46 TransGrid submitted that s 9(a) of the Act had not only the effect referred to in para [19] above, but also meant that the adjudicator was "bound to apply the Superintendent's Determination". It acknowledged, and embraced, the proposition that its approach required an adjudicator "to apply" or "rubber stamp" the Superintendent's Certificate.
47 I considered this argument in Abacus at paras [30] to [40]. I held that an adjudicator was entitled to exercise his or her own judgment, and was not bound by the determination of the Superintendent or someone occupying the position of Superintendent.
48 TransGrid submitted that my decision in Abacus was wrong on this point. I have reconsidered the issue, paying particular attention to the submissions put by TransGrid (which included submissions that were not advanced in Abacus).
49 One of the matters that I referred to in Abacus, as supporting the view to which I came on this point, was that if the submission were correct, then an adjudicator would be bound by a Superintendent's Certificate issued in bad faith, or as the result of fraudulent collusion.
50 In answer to this proposition, TransGrid pointed to clause 23 of the contract which, clearly enough, indicated that the Superintendent was to exercise, in a reasonable manner, the powers conferred on him by the contract. Further, TransGrid relied on the decision of the Full Court of the Supreme Court of Western Australia in WMC Resources v Leighton Contractors Pty Ltd [1999] WASCA 10. That decision confirmed, among other things, that a party performing a discretionary valuation function under a contract was required, in performing that function, to act reasonably and in good faith. Thus, it was said, the example that I gave in Abacus would not arise, because a certificate issued in bad faith or as the result of fraudulent collusion would not be a certificate at all for the purposes of the contract.
51 The argument may be acknowledged. However, it does not answer the proposition that, where a certificate had been issued in good faith and as the result of reasonable endeavours, but was flatly wrong, the adjudicator would be bound.
52 I do not think that the legislature intended that the scheme that it sought to construct should be dependent upon an assumption that a person is bound (either as a matter of express stipulation or implication) to act reasonably and in good faith. Nor do I think that it intended that the process of adjudication for which it provided could be set at nought by an honest but manifestly wrong exercise of a contractual power of certification.

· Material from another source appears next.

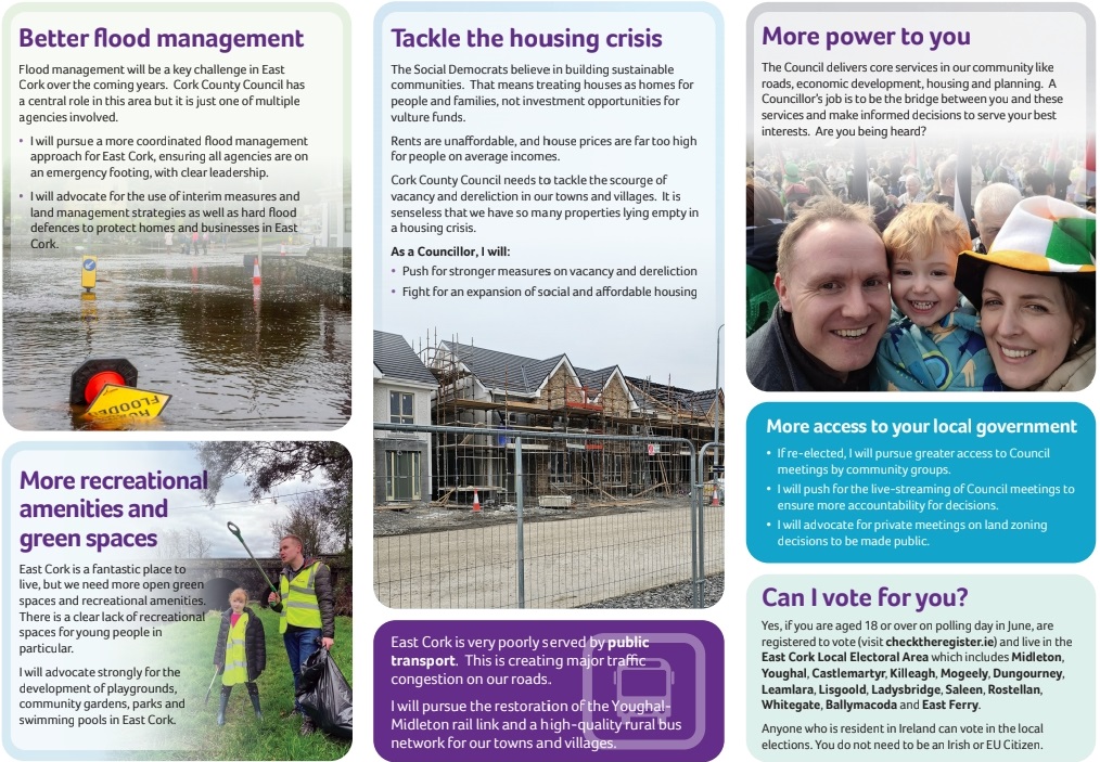 A leaflet form Liam Quaide who is running for The Social Democrats in Midleton in the 2024 Local Elections
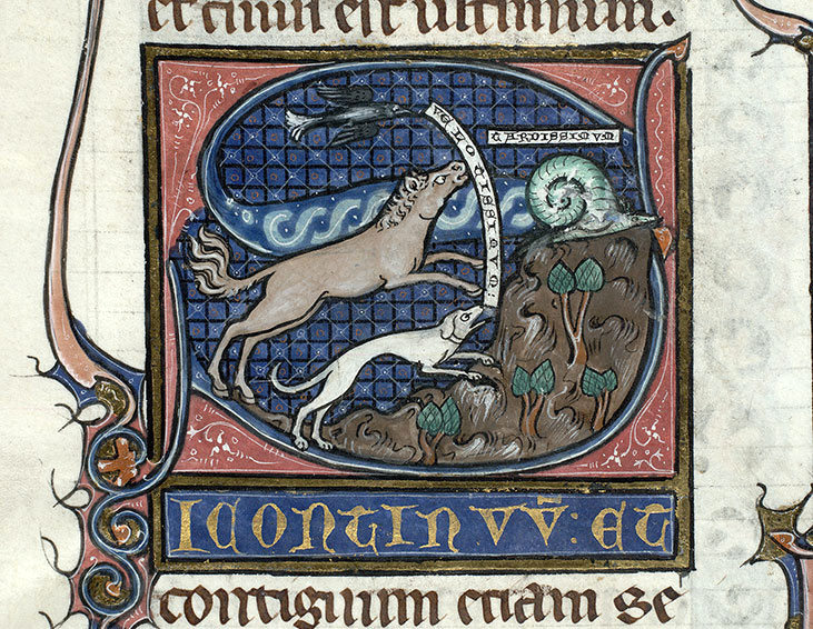 "Velocità e lentezza degli animali", miniatura tratta dall'opera 'Physica' tradotta da Guillelmus de Moerbeke (1280-1285), Bibliothèque Mazarine, Parigi. I due cartigli specificano che alcuni animali (come il levriero, il cavallo, l'uccello) sono "velotissimi", mentre altri (la chiocciola) "tardissimi".

53 Finally, if the legislature intended the decision of the Superintendent (or someone in the Superintendent's contractual position) to be determinative in any case to which sections 9(a) and 10(1a) applied, there would be no utility whatsoever in putting in place the mechanism for adjudication. That is because, by hypothesis, the claimant would have a contractual right to the amount of the payment and the determination of the adjudicator could do no more than recognize that right. The only benefit from the adjudication process would follow from the ability to register the adjudication certificate in a Court of competent jurisdiction and thereby obtain a judgment. However, on the hypothesis under consideration, the claimant could equally well sue for the payment and recover summary judgment.
54 In short, I adhere to the view that I expressed on this point in Abacus.